Chapitre 6 : La désunion
Chapitre 6 : La désunion
De Gaulle évoque la politique intérieure et les mésententes des partis. Le bilan économique de l’occupation montre que les ressources et les productions sont ruinées. La reconstruction demande des dépenses énormes. La France est affaiblie. De Gaulle est convaincu qu’un État doit être fort, autoritaire et continu et que les soutiens doivent se rassembler et non se diviser dans différents partis. C’est aussi le retour des déportés et des prisonniers. Les responsables de la collaboration sont jugés (dont le maréchal Pétain). De Gaulle veut engager des élections pour élire une assemblée qui soit constituante ou non, le résultat voyant soit l’avènement de la IVe République, soit le retour à la IIIe République.

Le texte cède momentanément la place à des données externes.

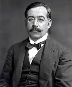 Der Lyriker, Essayist und Erzähler Leopoldo Lugones (1874–1938), der stark von Darío beeinflusst war, wird oft zu den bedeutendsten Vertretern des argentinischen Modernismo (Generación del Centenario) gerechnet; doch setzt er sich auch mit dem Criollismo und der nationalen Thematik auseinander und ist vor allem als Vorläufer der modernen fantastischen und Science-Fiction-Literatur und der Mikroerzählung bekannt. In seinem Werk herrscht zunächst ein üppiger lyrischer, fast halluzinatorischer, später ein objektiver Stil vor.[10] Damit setzte er Standards für einen „guten“ Stil und die Reinheit der Sprache.[11] Die Erzählungen seines erfolgreichen Bandes La guerra gaucha (1905) über den Guerillakrieg gegen die Spanier 1815–1825 wurden 1941 in Argentinien verfilmt. Zu Beginn der 1920er Jahre versuchten er und der Dichter, Historiker und Politiker Ricardo Rojas (1882–1957), Autor der ersten argentinischen Literaturgeschichte, eine Reihe von Werken der argentinischen Literatur zu kanonisieren und bauten sie erfolgreich in die Lehrpläne ein, um ihre Bekanntheit und ihren Anspruch auf internationale Geltung zu festigen. Während Rojas dabei auch auf Traditionen der Indigenen zurückgriff, orientierte sich Lugones, obwohl Anarchist, am Katholizismus und Nationalismus und unterstützte den Staatsstreich von 1930.

Dans un discours devant l’Assemblée, de Gaulle présente les nouvelles institutions et les structures envisagées.
Chapitre 7 : Le départ
Chapitre 7 : Le départ
De Gaulle discute de la politique extérieure et exprime davantage ses sentiments. Le climat est tendu. De Gaulle remet ses pouvoirs à l’assemblée constituante. Il est réélu président du gouvernement par les députés. La France connaît des difficultés et des grèves (celle des fonctionnaires notamment, que les socialistes soutiennent). De Gaulle réitère son vœu de responsabilité, de stabilité et d’autorité du pouvoir exécutif. La « loi des partis » est présentée, et de Gaulle s’y oppose. Il démissionne le 20 janvier 1946 et se retire à Colombey-les-Deux-Églises. Il se contente désormais du contact simple avec la nature.
« Ce n’est pas tout de reprendre son rang. Encore faut-il être capable de le tenir ».
Chapitre 1 : La Libération « J’ai à répondre du destin du pays devant lui et devant lui seul ».
Chapitre 3 : L’ordre « Comme tout le monde, je constate que, de nos jours, le machinisme domine l’univers. De là s’élève le grand débat du siècle : la classe ouvrière sera-t-elle victime ou bénéficiaire du progrès mécanique en cours ? De là sont sortis, hier, les vastes mouvements : socialisme, communisme, fascisme, qui s’emparèrent de plusieurs grands peuples et divisèrent tous les autres. De là vient, qu’en ce moment, les étendards des idéologies adverses : libérale, marxiste, hitlérienne, flottent dans le ciel des batailles et que tant d’hommes et tant de femmes, emportés par le cataclysme, sont hantés par la pensée de ce qu’il adviendra d’eux-mêmes et de leurs enfants. De là résulte cette évidence que le flot de passions, d’espoirs, de douleurs, répandus sur les belligérants, l’immense brassage humain auquel ils se trouvent soumis, l’effort requis par la reconstruction, placent la question sociale au premier rang de toutes celles qu’ont à résoudre les pouvoirs publics ».
Chapitre 3 : L’ordre « On me prendrait comme j’étais, ou on ne me prendrait pas […] pour guérir la France blessée ».